RECORDS FOR THIS TASK START

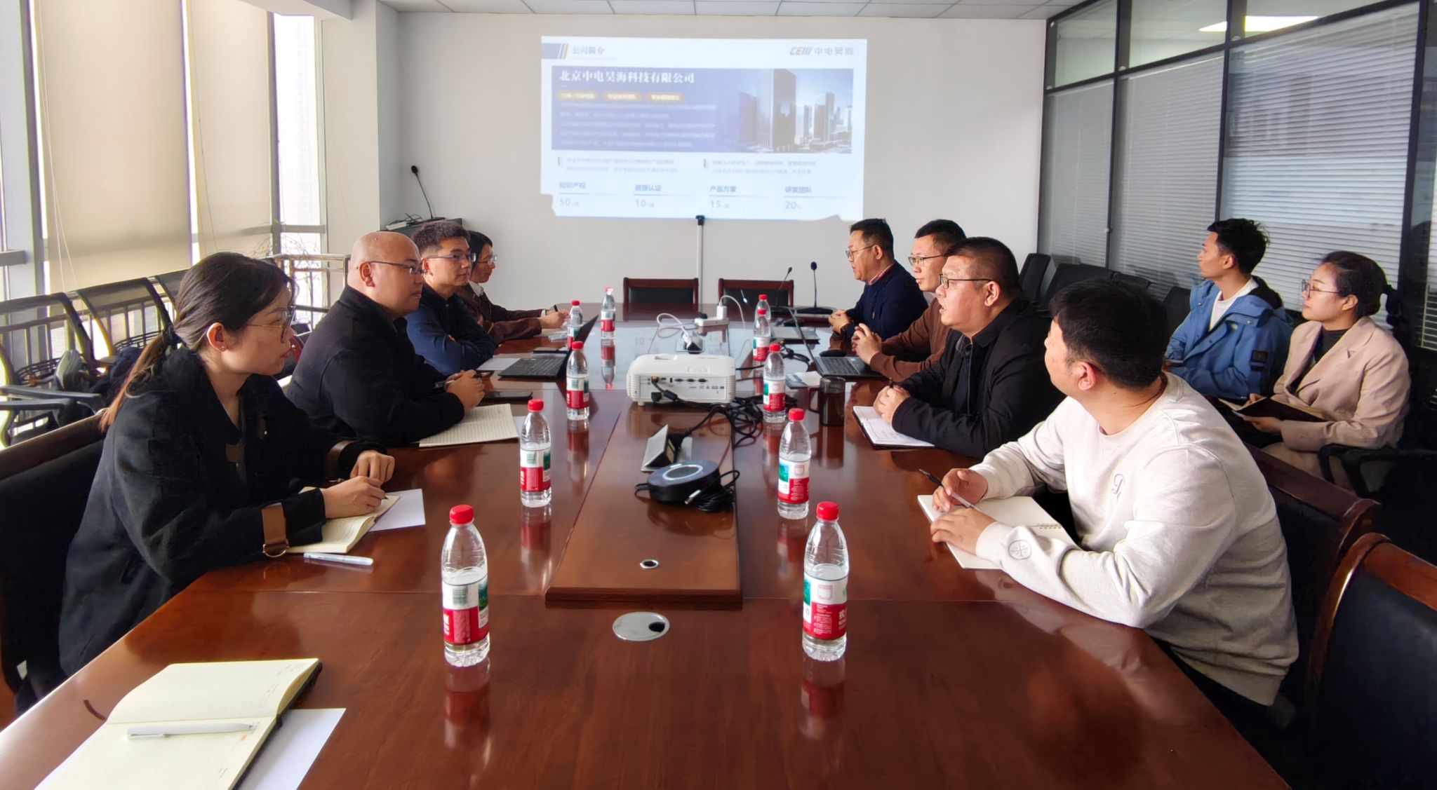 在中电昊海,交流团队与中电昊海副总经理左巍、信息化事业部负责人王飞、人工智能团队负责人李言芹等企业相关代表展开座谈。座谈会上,双方就能源电力领域数字化、智能化发展趋势展开深入交流,聚焦大数据、物联网等技术在电力行业的应用场景、产业前沿科技研发方向等核心问题交换意见。王昊老师详细介绍了大数据学院的专业建设、人才培养体系及科研教学特色,左巍经理则分享了在能源智能化领域的技术成果、项目实践经验与行业人才需求标准。双方还围绕产教融合模式创新、实习实训基地建设、人才联合培养等方面进行初步探讨,均表达了深化合作、实现资源共享与优势互补的强烈意愿。
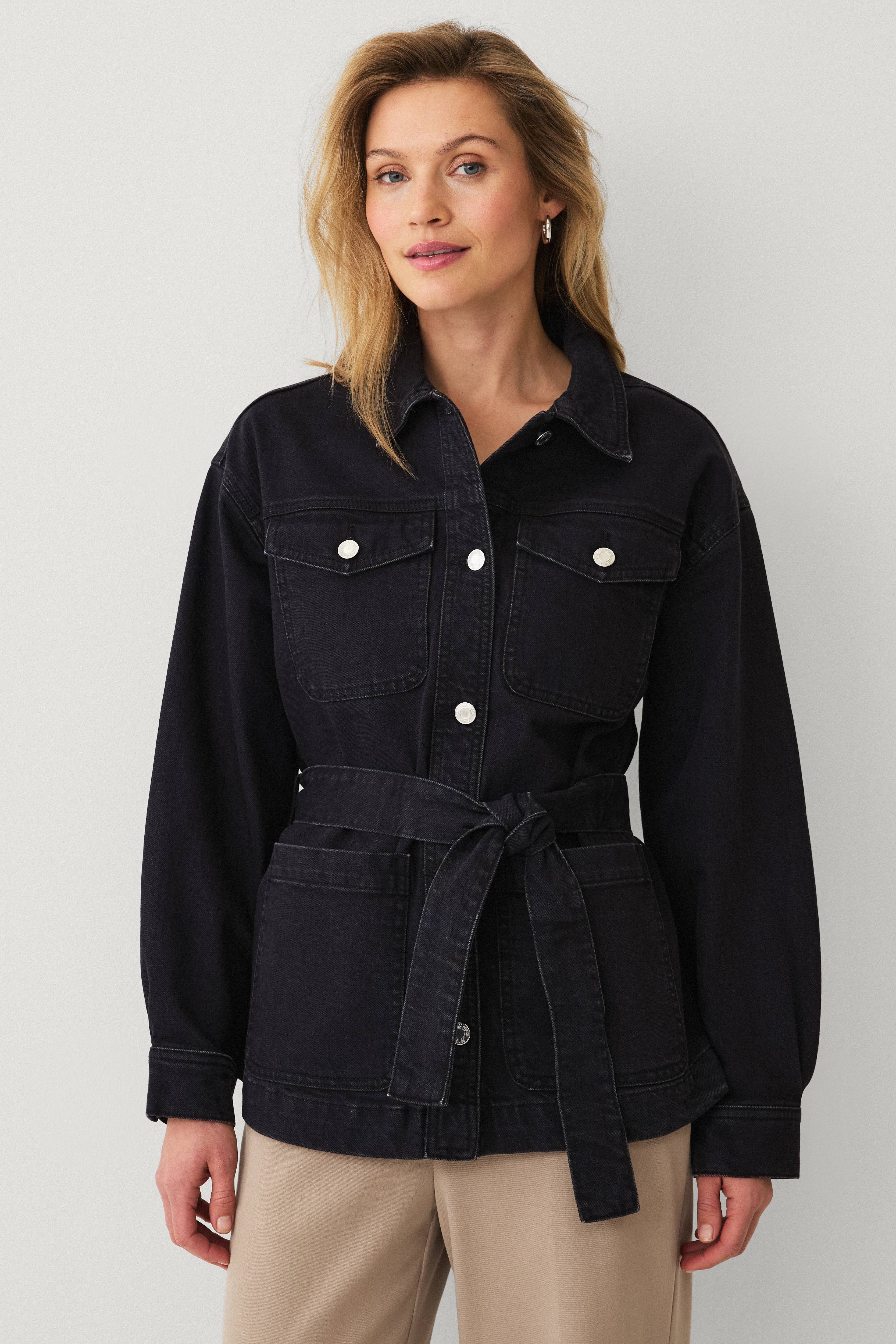 • Jeansjacke mit Gürtel zum Selberbinden• Kragen• Schlitz mit Knopf an den Bündchen• Knopfverschluss• Zwei Brusttaschen mit Klappe• Zwei offene Taschen• Oversize Passform• Länge: 69 cm in Größe S
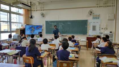 図工(自分の名前をデザインしています)、社会(〇〇地方と日本は、いくつに分かれてるかな?)
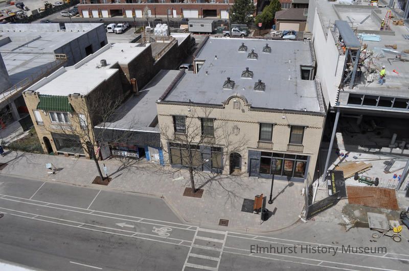 Commercial buildings on N. Addison Avenue, viewed from the Addison Parking Deck. 130-132 N. Addison was once City Hall.Photograph Details
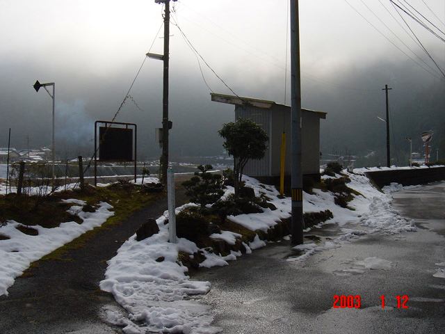河戸、今井田の両駅のようなシンプルな構造の駅でした。標高が上がり坪野駅の周りには見当たらなかった雪がありました。
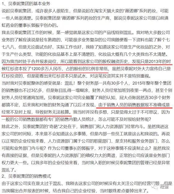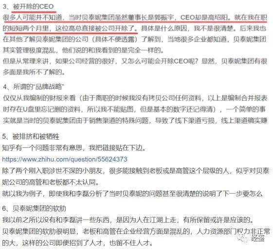 另据一位自称贝泰妮原财务员工2019年公开发帖表示,公司产品线混乱,大量的销售费用用在“打理”与医院和医生的关系上,甚至销售部门与人力资源部门内斗不止,CEO高绍阳还曾被开除等。该文章称,贝泰妮还存在非法删帖行为。

RECORDS FOR THIS TASK END

Write every entry out again exactly, images omitted.

 在中电昊海,交流团队与中电昊海副总经理左巍、信息化事业部负责人王飞、人工智能团队负责人李言芹等企业相关代表展开座谈。座谈会上,双方就能源电力领域数字化、智能化发展趋势展开深入交流,聚焦大数据、物联网等技术在电力行业的应用场景、产业前沿科技研发方向等核心问题交换意见。王昊老师详细介绍了大数据学院的专业建设、人才培养体系及科研教学特色,左巍经理则分享了在能源智能化领域的技术成果、项目实践经验与行业人才需求标准。双方还围绕产教融合模式创新、实习实训基地建设、人才联合培养等方面进行初步探讨,均表达了深化合作、实现资源共享与优势互补的强烈意愿。
 • Jeansjacke mit Gürtel zum Selberbinden• Kragen• Schlitz mit Knopf an den Bündchen• Knopfverschluss• Zwei Brusttaschen mit Klappe• Zwei offene Taschen• Oversize Passform• Länge: 69 cm in Größe S
 図工(自分の名前をデザインしています)、社会(〇〇地方と日本は、いくつに分かれてるかな?)
 Commercial buildings on N. Addison Avenue, viewed from the Addison Parking Deck. 130-132 N. Addison was once City Hall.Photograph Details
河戸、今井田の両駅のようなシンプルな構造の駅でした。標高が上がり坪野駅の周りには見当たらなかった雪がありました。
 另据一位自称贝泰妮原财务员工2019年公开发帖表示,公司产品线混乱,大量的销售费用用在“打理”与医院和医生的关系上,甚至销售部门与人力资源部门内斗不止,CEO高绍阳还曾被开除等。该文章称,贝泰妮还存在非法删帖行为。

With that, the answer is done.